Design, Implementation, and Analysis of Within-Study Comparisons

The 2014 Summer Research Training Institute is sponsored by the Institute of Education Sciences, U.S. Department of Education, and the Institute for Policy Research at Northwestern University

Workshop Dates
August 11–22, 2014

Workshop Location
Northwestern University, Evanston, IL 

Why Within-Study Comparison Designs?

The randomized experiment is the gold standard for answering causal questions, but randomized experiments are not always feasible. Can observational methods generate the same treatment effects that would have been obtained from a randomized experiment on the same target population? The within-study comparison (WSC) design is a methodology for assessing the observational study methods in “real world” contexts. 

Early WSCs

Introduced by Robert LaLonde (1986), the earliest WSCs used data from job-training evaluations and compared results from an observational study with those from an experimental benchmark. The goal was to determine whether observational methods such as propensity score matching, regression, or instrumental variable approaches could replicate results from an experiment. The early conclusion from these studies were that observational methods failed to produce results that were comparable to their experimental benchmark.

However, early WSCs were flawed in several ways. The randomized and non-randomized groups differed in more ways than in mode of assignment. Comparison units were drawn from remote locations, measured at different times, and in some cases, did not share the same outcomes as treatment cases. These study differences may have confounded initial conclusions that observational methods could not replicate experimental benchmarks. Later WSCs attempted to address these concerns by using internal comparisons, where randomized and non-randomized respondents were drawn from similar populations in the same geographic location, and were measured by the same units of measurement at the same time.

Successful Observational Approaches

More within-study comparisons were conducted—many in the fields of education, medicine, and early childhood development.

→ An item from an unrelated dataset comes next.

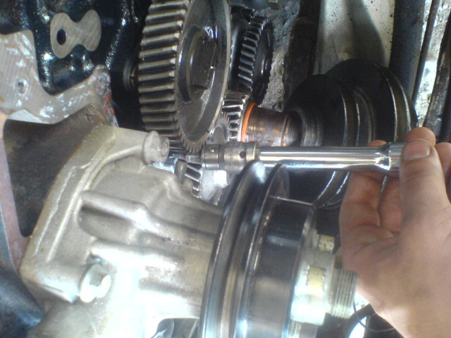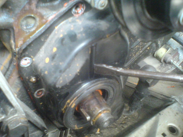 3/sundáte prsa, vytočíte 3 šrouby na vývěvě(nevím to tam má ford, když vývěvu má na alternástoru) pozor jeden šroub jde jedině násilím, vadí mu ozubené kolo-viz foto ŠROUB vývěvu pomalu vyndaváte ven a pomáháte si šroubovákem, protože opět jde velmi z tuha, kde opět vadí ozubené kolo viz foto páčit: vyndavejte vývěvu pomalu a opatrně, protože vám vypadají lamely viz foto vývěva: natočím vývěvu tak aby šla na značky jak na klice, tak i na vačce viz foto zuby: pozn.alfa 75 měla na vývěvě keště předpětové kolečko, které vymezovalo vůli mezi zuby, osobně si myslím, že to není špatnej nápad, ale už jsme to jednou viděl zničené a na tomto 2,8TD z roku 1992 již tento mechanismus není

Cook, Shadish, and Wong (2008) reviewed these studies and argued that observational approaches could replicate experimental results in at least three instances:

  • When assignment was based on a covariate score and cutoff, as in the case of regression-discontinuity 
  • When treatment and comparison units were from the same geographic location and rich, theoretically relevant covariates were available 
  • When multiple pretests were available 

Over the last decade, the work on WSCs has begun to provide researchers with important clues for designing empirically validated quasi-experiments when random assignment is not feasible. Still more WSCs are needed to answer the many remaining questions about the contexts and conditions in which observational approaches can produce unbiased results.